• [Exercise brief] Repeat only these lines, exactly: the first line of the data, the line containing "El nuevo matrimonio", and every line between them. Pictures stay out.

Dataset excerpts
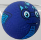
$75: Playground Ball*
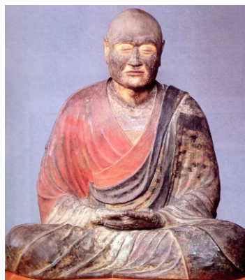
がんじん (鑑真) (พระกัจฉิน)
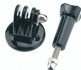
Tripodhalter mit Schraube

Die Lieferung erfolgt ohne Kamera, Gehäuse, Smartphone und Stativ.
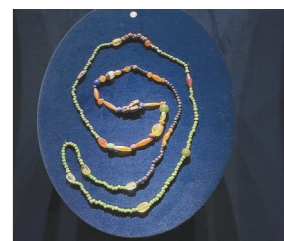
琥珀玛瑙红玉髓水晶玉玻璃串珠

广州考古出土两汉时期珠饰两万余颗，它们材质丰富、形制多样、色彩斑斓，且来源广泛，见证了岭南与周边地区，特别是与东南亚、南亚、西亚及地中海沿岸地区通过海路进行的贸易往来和人文交流，为人们重现了汉代番禺“珍奇荟萃、商业繁华”的生动历史画卷。
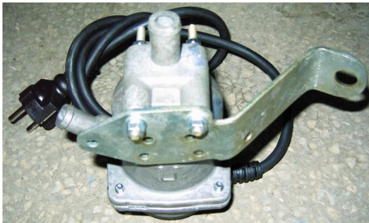
Рисунок 1. Крепление подогревателя на кронштейне.
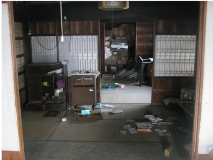
【北側 和室 (6.0畳)】
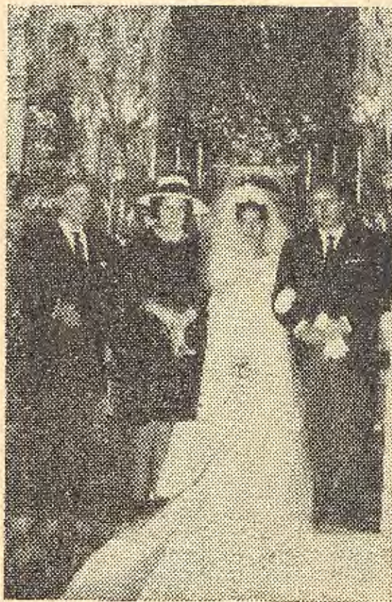
El nuevo matrimonio y padrinos ante el Altar Mayor
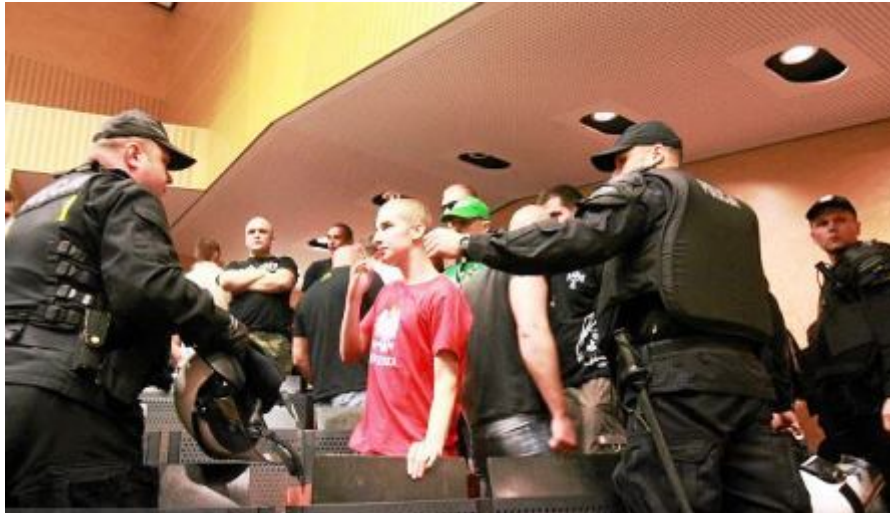
Proteste gegen eine Bauman-Vorlesung an der Universität Wrocław/Breslau. Polizei räumte den Hörsaal. Juni 2013.

Mehrfach wurde er öffentlich als Schuft geschmäht, auch durch den prominenten nationalkonservativen Publizisten jüdischer Abstammung, Bronisław Wildstein:

• [Your response]
$75: Playground Ball*
がんじん (鑑真) (พระกัจฉิน)
Tripodhalter mit Schraube

Die Lieferung erfolgt ohne Kamera, Gehäuse, Smartphone und Stativ.
琥珀玛瑙红玉髓水晶玉玻璃串珠

广州考古出土两汉时期珠饰两万余颗，它们材质丰富、形制多样、色彩斑斓，且来源广泛，见证了岭南与周边地区，特别是与东南亚、南亚、西亚及地中海沿岸地区通过海路进行的贸易往来和人文交流，为人们重现了汉代番禺“珍奇荟萃、商业繁华”的生动历史画卷。
Рисунок 1. Крепление подогревателя на кронштейне.
【北側 和室 (6.0畳)】
El nuevo matrimonio y padrinos ante el Altar Mayor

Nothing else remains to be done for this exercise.